The task.
Please keep to the lines below from the one with "orang anak ini." through the one with "Lista avistajes en", and restate them word for word, ends included.

Records provided.

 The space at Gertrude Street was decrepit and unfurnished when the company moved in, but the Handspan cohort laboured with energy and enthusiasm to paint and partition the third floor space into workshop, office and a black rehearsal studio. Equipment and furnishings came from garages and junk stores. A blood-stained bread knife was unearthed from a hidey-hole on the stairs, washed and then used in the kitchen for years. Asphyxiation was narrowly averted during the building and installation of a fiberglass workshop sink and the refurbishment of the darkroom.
---
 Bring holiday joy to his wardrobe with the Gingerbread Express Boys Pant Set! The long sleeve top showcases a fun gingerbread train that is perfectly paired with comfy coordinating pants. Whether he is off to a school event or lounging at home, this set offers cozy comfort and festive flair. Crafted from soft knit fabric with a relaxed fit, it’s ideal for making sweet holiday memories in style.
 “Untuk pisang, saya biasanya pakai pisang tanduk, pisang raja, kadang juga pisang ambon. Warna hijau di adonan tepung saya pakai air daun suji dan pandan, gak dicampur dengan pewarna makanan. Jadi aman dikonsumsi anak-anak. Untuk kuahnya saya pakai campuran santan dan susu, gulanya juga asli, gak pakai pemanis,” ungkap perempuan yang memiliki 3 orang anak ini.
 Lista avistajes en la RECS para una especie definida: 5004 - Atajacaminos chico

Answer for the task.
 “Untuk pisang, saya biasanya pakai pisang tanduk, pisang raja, kadang juga pisang ambon. Warna hijau di adonan tepung saya pakai air daun suji dan pandan, gak dicampur dengan pewarna makanan. Jadi aman dikonsumsi anak-anak. Untuk kuahnya saya pakai campuran santan dan susu, gulanya juga asli, gak pakai pemanis,” ungkap perempuan yang memiliki 3 orang anak ini.
 Lista avistajes en la RECS para una especie definida: 5004 - Atajacaminos chico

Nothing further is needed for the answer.